Fallback. If an in-sandbox git checkout/git pull unexpectedly fails with Operation not permitted (a protected path the glob list missed), retry that single command with dangerouslyDisableSandbox: true, then continue. If the tree is already torn — git checkout printed unable to unlink old '<protected path>' but still reported Switched to branch 'main', so HEAD moved while the protected files kept old content — a plain retry won't recover: the protected files now read as phantom local changes and the follow-up git pull aborts with Your local changes ... would be overwritten. Since those changes are already merged into origin/main, recover by atomically resyncing: git reset --hard origin/main with dangerouslyDisableSandbox: true. This is lossless only when the working tree was clean at Step 1 (gmas guarantees this) and the only "modifications" are the merged protected files — verify with git status --porcelain showing nothing but those paths before resetting.

If git pull reports a non-fast-forward, merge conflict, or other error, surface it verbatim and stop. Do not attempt to resolve automatically.

3. Preview cleanup candidates

Run:

echo n | git cleanup

This invokes the alias with n piped to its confirmation prompt, so the candidate list is printed but nothing is deleted. Parse the lines between Will delete: and Proceed? — each candidate is a single branch name indented by two spaces.

If the output is No branches to clean up., report that and stop.

4. Let the user pick which branches to delete

Use AskUserQuestion with multiSelect: true. Each option's label is the branch name; the description is a short reason — e.g. "no upstream + missing on origin" (orphan) or "upstream pruned (: gone])" (classic gone branch). Determine each branch's reason by checking whether git for-each-ref --format='%(upstream)' refs/heads/<branch> returns an upstream — empty means orphan, non-empty means gone.

Batching rules (AskUserQuestion caps: 4 options per question, 4 questions per call → 16 candidates per call):

1–4 candidates: one question, one option per branch.
5–16 candidates: multiple questions in a single call (up to 4 questions × 4 options each). Group sensibly — e.g., one question per "reason" category if that makes the choice clearer.
17+ candidates: sequential AskUserQuestion calls, 16 at a time.
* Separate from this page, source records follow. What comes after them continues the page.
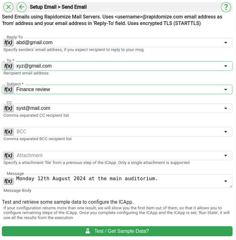 You can send Email via Rapidomize’s SMTP server. Note that when you use Rapidomize’s SMTP server, your email will carry “on behalf of abc@xyz (your Email address)” as the sender’s Email address. It will be sent as a “no-reply” mail and your Email address is also provided in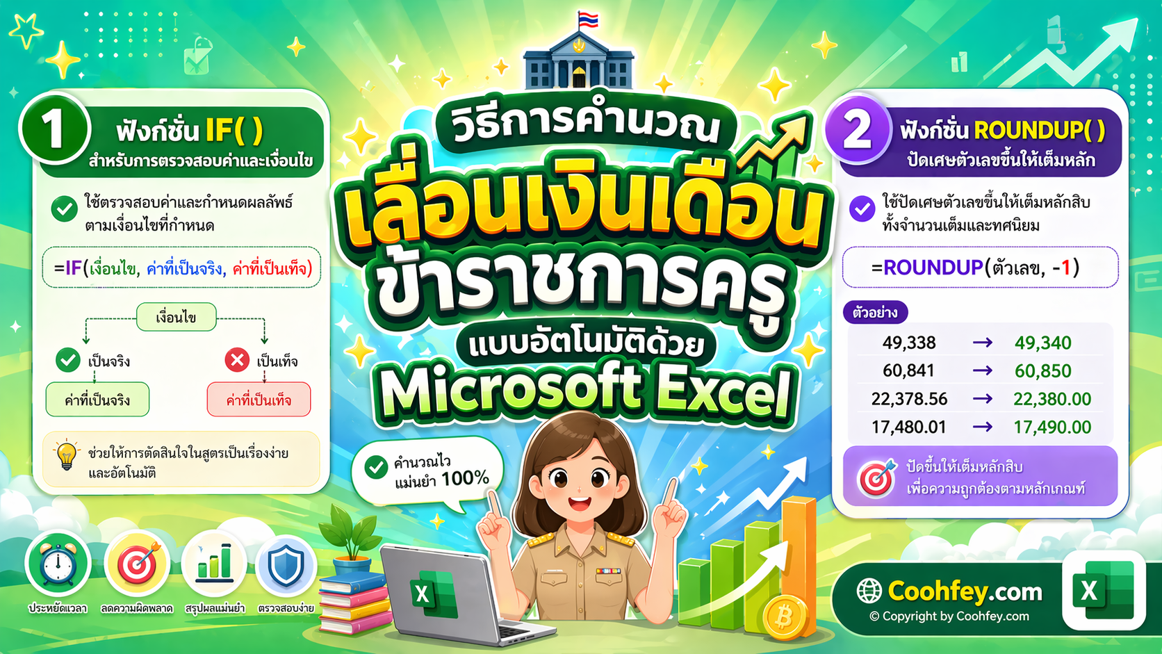 จากการที่แอดมินได้อธิบายถึงรายละเอียดและวิธีการคำนวณเพื่อเลื่อนเงินเดือนข้าราชการครูและบุคลากรทางการศึกษาโดยการใช้โปรแกรม Microsoft Excel ซึ่งได้อธิบายไปแล้วทั้งหมด 7 หัวข้อที่ผ่านมานั้น แอดมินหวังว่าบทความนี้จะเป็นประโยชน์ไม่มากก็น้อยต่อผู้ที่สนใจจะศึกษา หรือผู้อำนวยการโรงเรียน รวมถึงข้าราชการครู สายผู้สอนที่ต้องการทราบถึงวิธีการดังกล่าว หากท่านใดมีความคิดเห็นที่จะเสนอแนะต่อบทความนี้ก็สามารถ comment แนะนำได้ครับ. Coohfey Admin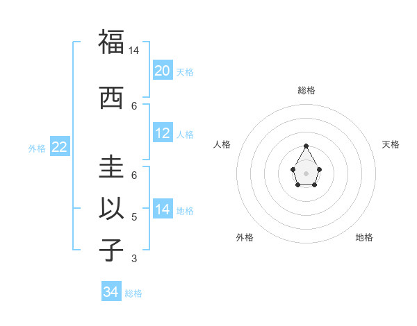 福西 圭以子さんの総格は34画の2点

For each question, phrase like "Delete these stale branches?" with multiSelect on. The user checks the ones to delete; unchecked branches stay.

5. Delete selected branches

Run a single in-sandbox Bash call:

git branch -D <selected1> <selected2> ...

Skip any branches the user did not check.

6. Report

One-line summary:

Deleted N branches: foo, bar, baz. Kept M: qux.
Or No branches deleted. if the user checked nothing.

Notes

The git cleanup alias lives in ~/.gitconfig and excludes main by design.
Never pipe y directly into git cleanup — always go through AskUserQuestion. The pipe is only for preview (n).
git checkout main and git pull origin main (Step 2) run in-sandbox by default — git internals (.git/objects, .git/refs) are sandbox-writable. They escalate to dangerouslyDisableSandbox: true only when either leg diff — git diff --name-only HEAD main (checkout) or git diff --name-only main origin/main (pull) — shows a sandbox-protected working-tree path (.claude/settings*.json, .claude/hooks/**, .claude/skills/**, .mcp.json) being rewritten, which would otherwise tear the tree. Do not use the net HEAD…origin/main diff — it cancels out the protected-path write that the checkout leg performs when you're on a just-merged branch that carried .claude/** changes (the exact case that tears the tree). git branch -D (Step 5) may print a could not write config file .git/config: Operation not permitted warning under sandbox — the branch is still deleted, so it's harmless; no DDS needed. All other steps run in-sandbox.
Branches with unique commits not on main are force-deleted via -D — acceptable because the user has explicitly opted in per branch.